Justamente por isso, a separação do que é infraestrutura se faz importante. Com o decálogo, o CGI, que não é um órgão de regulação, nem de punição e nem de ação na área, tentou estabelecer os conceitos que deveriam ser preservados na internet. “Por exemplo, o conceito de rede única e não segmentável é um conceito a ser preservado. O conceito de intermediários, que não devem ser responsáveis pelo conteúdo, deve ser preservado, desde que se defina o que é intermediário. Quer dizer, o carteiro que me traz a carta não tem culpa se a carta me xinga ou se a carta é de boa ou má notícia. Isso é um problema que não tem a ver com o intermediário”, destacou.

O futuro

“Há muito tempo, quando me perguntaram o que iria acontecer com a internet, eu respondi e depois descobri que mais gente tinha respondido a mesma coisa. Não é nem criação minha a resposta de que a internet teoricamente vai sumir. Quer dizer, você vai parar de enxergar a internet como, em geral, você não se preocupa com a eletricidade; você liga o seu liquidificador na tomada e ele funciona. Como é que isso funciona, não interessa mais, quer dizer, a internet é algo que vai ser superado, porque todas as tecnologias que se interpenetram na nossa vida no dia a dia não são mais visíveis. O que são visíveis são as coisas sobre elas”, respondeu, quanto ao que esperar para os próximos 25 anos.  

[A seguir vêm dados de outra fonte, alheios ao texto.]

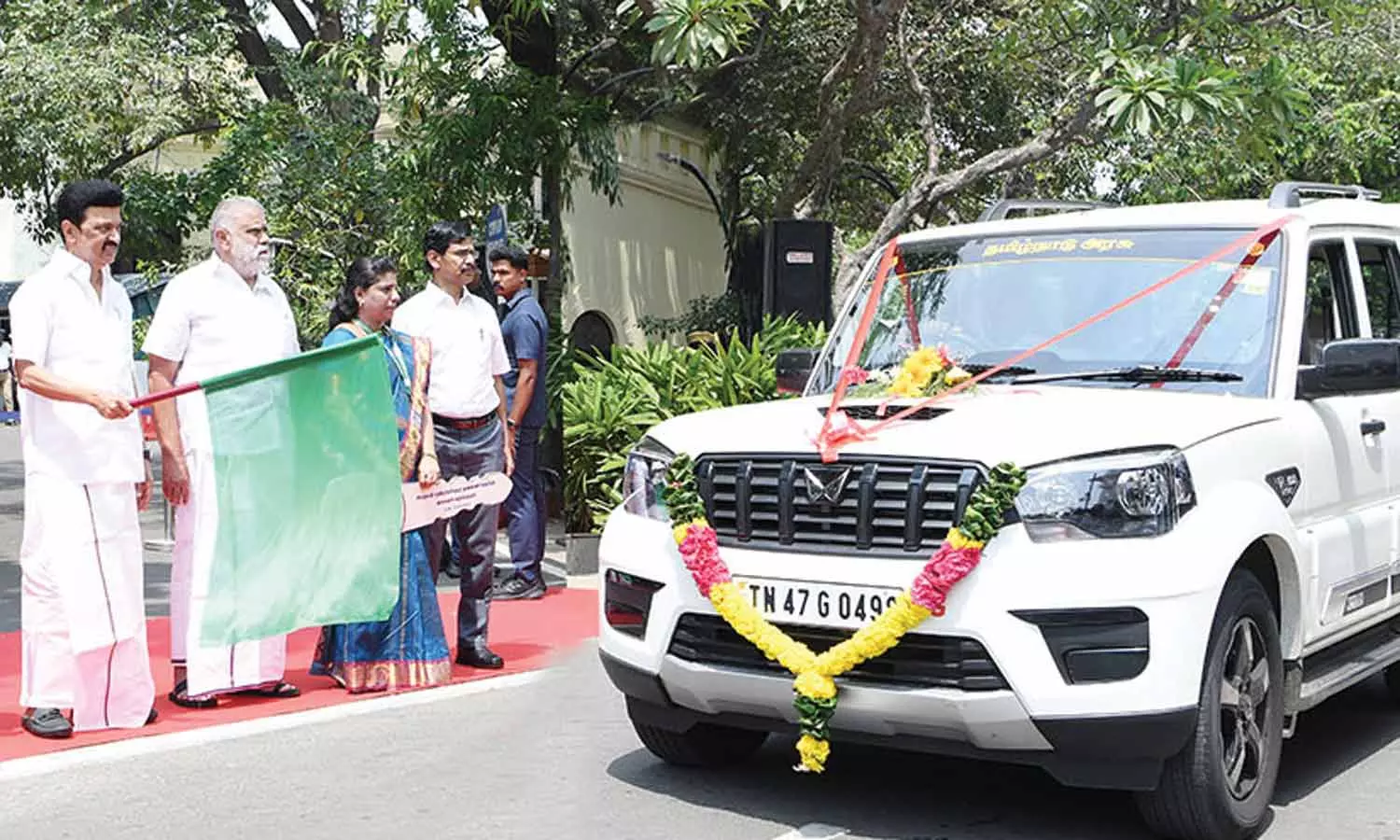 ஊராட்சி ஒன்றியக் குழுத் தலைவர்கள், தங்களது பகுதிகளில் மேற்கொள்ளப்படும் பணிகளைக் கண்காணிக்கும் பொருட்டு முதல்கட்டமாக 25 கோடியே 40 லட்சம் ரூபாய் மதிப்பிலான 200 புதிய ஸ்கார்பியோ வாகனங்களை ஊராட்சி ஒன்றிய குழுத் தலைவர்களின் பயன்பாட்டிற்காக வழங்கிடும் அடையாளமாக 12 வாகனங்களை முதலமைச்சர் மு.க.ஸ்டாலின் கொடியசைத்து தொடங்கி வைத்தார்.
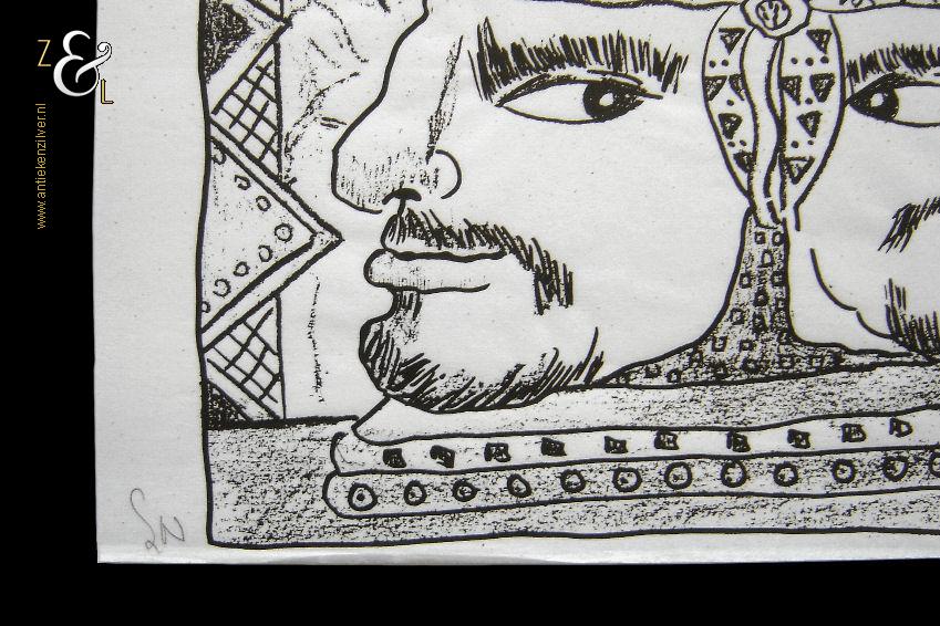 Deze zeefdruk zonder titel is gemaakt door Scott Neary. De zeefdruk is met zwarte inkt gedrukt op wit 50 grams transparant papier. De zeefdruk is met potlood linksonder gesigneerd met de initialen van Scott Neary SN en rechtsonder staat in potlood de oplage 40/300 nummer 40 van 300. De zeefdruk heeft de afmeting van een A4, 29.7 cm lang bij 21 cm breed.

Mas como chegar a essa internet onipresente, ubíqua, de uma maneira que a própria infraestrutura atenda a esse crescimento exponencial? “A tal da Lei de Moore, que foi feita há 50 anos, continua mais ou menos valendo, ou seja, a cada ano e meio a gente tem o dobro da capacidade com o mesmo custo que tinha um ano e meio atrás”, respondeu, dando como exemplo a fibra ótica. 

O risco, completou, é que você também delega muita coisa às ferramentas de informática e isso pode, eventualmente, sair de controle. Um problema que terá de ser enfrentado.